THE TASK:
Return each line exactly, from the one that has "Olive green background" through the end of the entries, both ends included. Pictures do not belong.
>>>>>
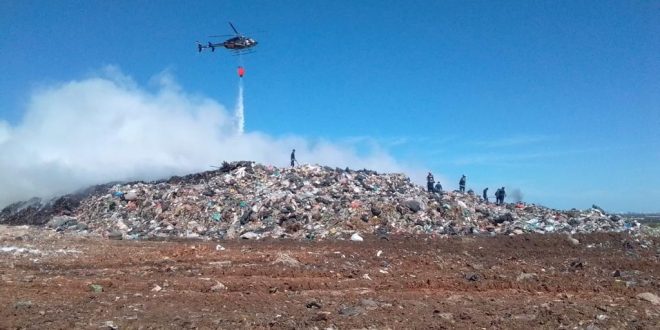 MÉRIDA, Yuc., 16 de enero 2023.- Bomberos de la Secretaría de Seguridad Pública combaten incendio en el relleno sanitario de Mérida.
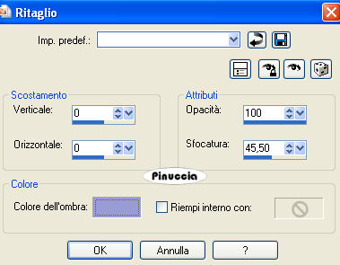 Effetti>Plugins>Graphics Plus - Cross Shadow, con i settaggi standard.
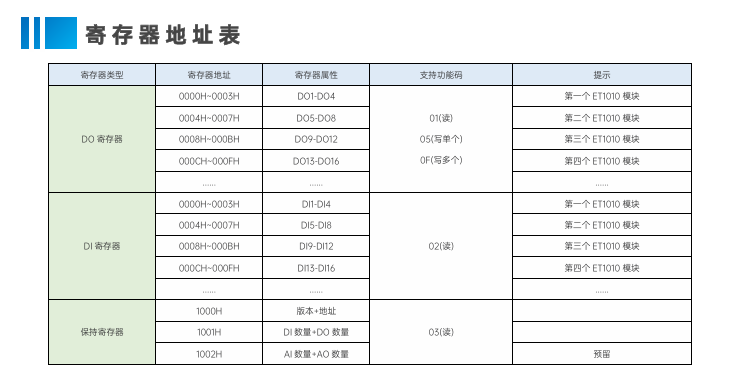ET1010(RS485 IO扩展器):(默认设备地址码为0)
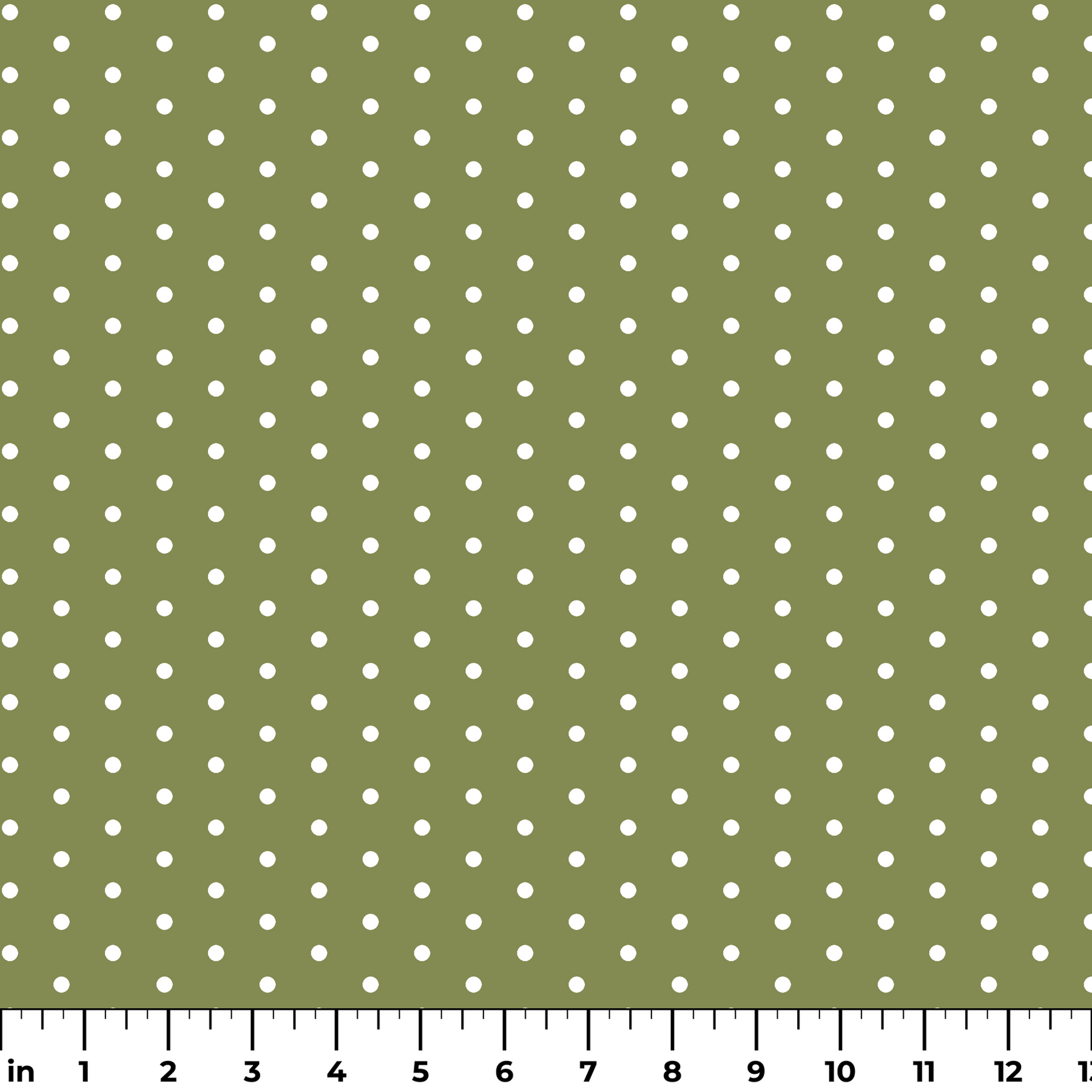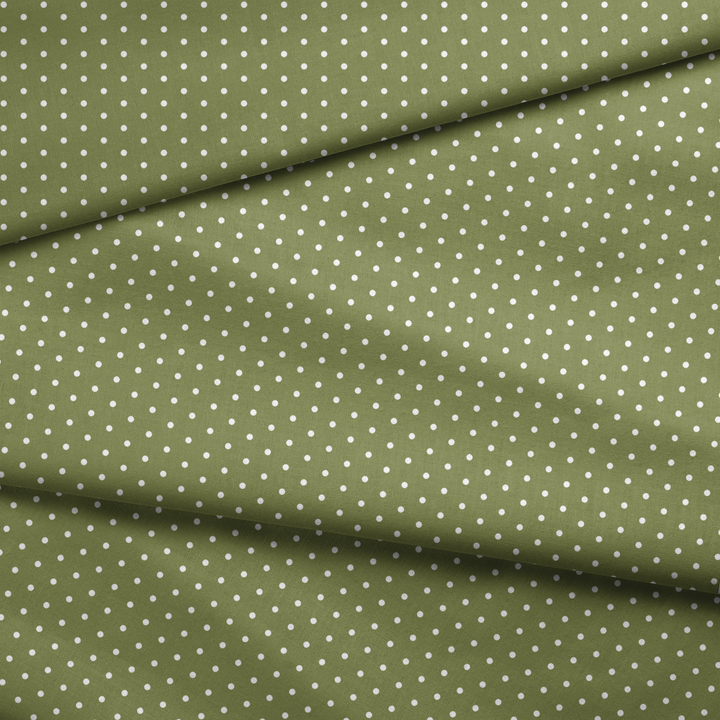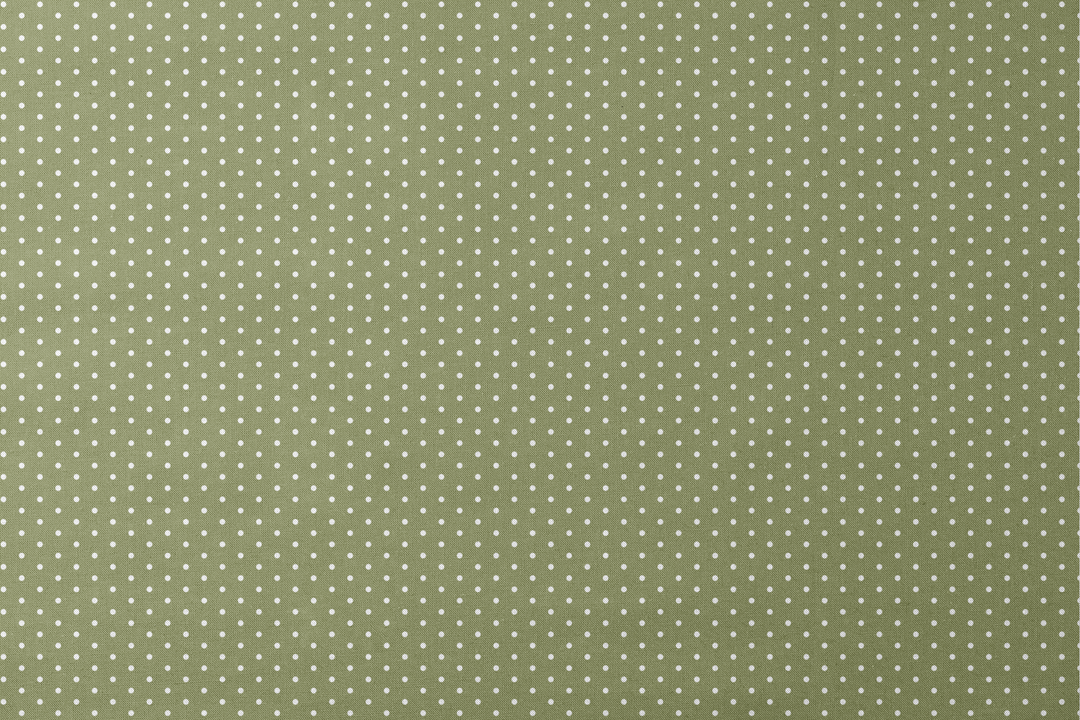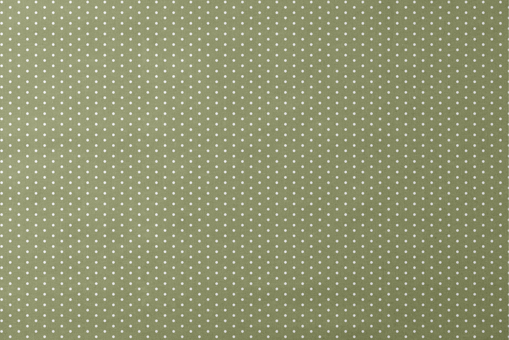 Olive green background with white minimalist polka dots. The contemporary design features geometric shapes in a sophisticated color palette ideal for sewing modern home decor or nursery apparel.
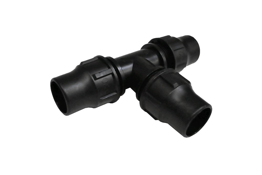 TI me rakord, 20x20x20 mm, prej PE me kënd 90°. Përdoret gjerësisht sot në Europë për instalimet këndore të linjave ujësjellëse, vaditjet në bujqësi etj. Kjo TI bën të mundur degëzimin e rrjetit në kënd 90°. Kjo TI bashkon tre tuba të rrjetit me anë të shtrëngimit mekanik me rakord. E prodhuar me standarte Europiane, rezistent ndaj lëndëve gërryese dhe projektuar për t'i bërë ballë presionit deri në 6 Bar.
<<<<<
THE COMPLETED TASK:
 Olive green background with white minimalist polka dots. The contemporary design features geometric shapes in a sophisticated color palette ideal for sewing modern home decor or nursery apparel.
 TI me rakord, 20x20x20 mm, prej PE me kënd 90°. Përdoret gjerësisht sot në Europë për instalimet këndore të linjave ujësjellëse, vaditjet në bujqësi etj. Kjo TI bën të mundur degëzimin e rrjetit në kënd 90°. Kjo TI bashkon tre tuba të rrjetit me anë të shtrëngimit mekanik me rakord. E prodhuar me standarte Europiane, rezistent ndaj lëndëve gërryese dhe projektuar për t'i bërë ballë presionit deri në 6 Bar.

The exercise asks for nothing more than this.